Whether the number of connections that need >40B TCP options will 
suddenly jump, or gradually grow, I can't predict tho.



>>The other two in tcp-syn-ext-opt have to be 2-SYN for ever.
>>
>>>Also, I don't particularly think that putting the options at the end of
>>>the segment serves any useful purpose other than to make this option
>>>handle the option space in a different way than the default DO header field.
>>
>>That's the architectural point.
>>There's also a tactical point. It should get through every middlebox.
>
>Help me understand this argument. If we were sending the "old" and 
>"new" SYNs on the same 5-tuple - sure, the data must be identical.
>But if source ports are different, then a typical middlebox is 
>either happy about the "data in the SYN" or not ?
>
>Or, are you saying that placing them at the end of the packet makes 
>it difficult for the current architectures to "grab" them and mess 
>around with them ? Sure, it does. Especially higher-performing boxes 
>might look at the start of the packet.
>
>But that's *today's* architectures - if someone pays one of my 
>employer's BUs enough to create a box that fiddles with these 
>options, that box will get created. Not an architecturally beautiful 
>reality, but it is there.

Two clarifications:

1) By putting options after the payload, I'm including the (currently 
common) case of a SYN with no payload. Then the extra options will 
start immediately at the Data Offset.

2) A longer clarification...

Let's separate middleboxes into two types (I'm trying to deal with both):
- (meddleboxes) those that want to mess with headers for security
- (muddleboxes) those that happen to mess with headers, because their 
developers never stopped to think that TCP might change.
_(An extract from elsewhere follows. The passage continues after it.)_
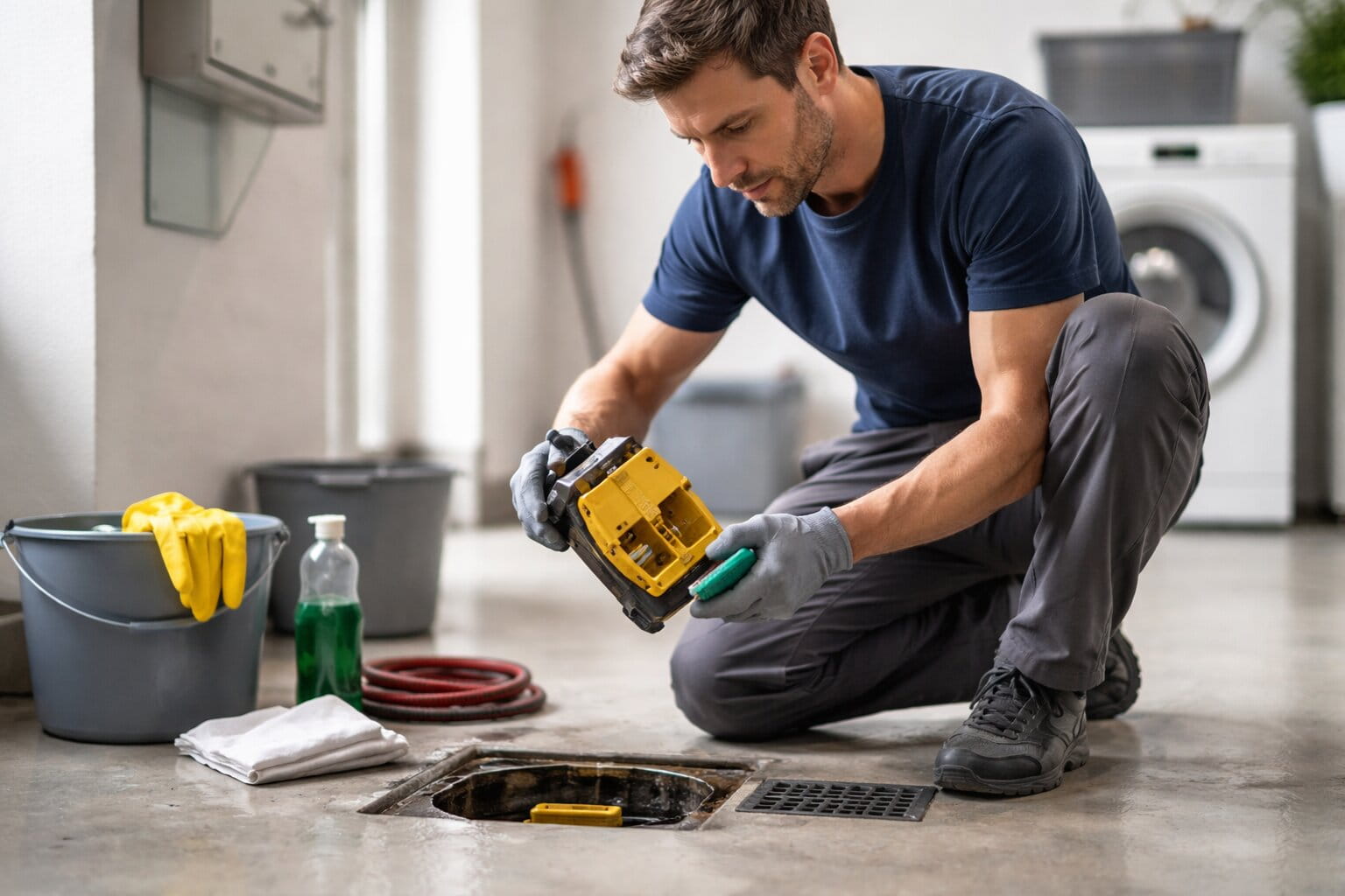 Ziehe wasserdichte Arbeitshandschuhe an und stelle den Arbeitsbereich gut beleuchtet und zugänglich sicher. Öffne den Revisionsschacht oder die Abdeckung. Bei manchen Modellen musst du die Klappe mit Werkzeug herausheben. Lege einen Auffangbehälter bereit.

Muddleboxes tend to forward the payload unaltered. Some muddleboxes 
look at HTTP headers and try to be clever. By putting extra options 
after the Data Offset, they will pass the former. By putting them at 
the end of the payload they will mostly pass the latter.

Meddleboxes might well evolve to find these new extra options at the 
end of the packet. But in the meantime, we've got over the transition 
of deploying a new protocol. Then the meddleboxes are on the back 
foot, and they have to justify removing these packets that are useful 
to someone. If they can - e.g. for security reasons - then fine. But 
they are not just removing packets because they are using a new rev 
of the protocol.

As I said, the most important thing is we will have separated TCP 
options into two sets:
- Those that middleboxes (past and future) can mess with
- Those that middleboxes (future) should think much harder about 
before messing with them

Then, this (maybe) enables the next step - for endpoints to encrypt 
those options they don't want middleboxes to interact with at all. 
(See my response to Alex Zimmerman's post in this thread.)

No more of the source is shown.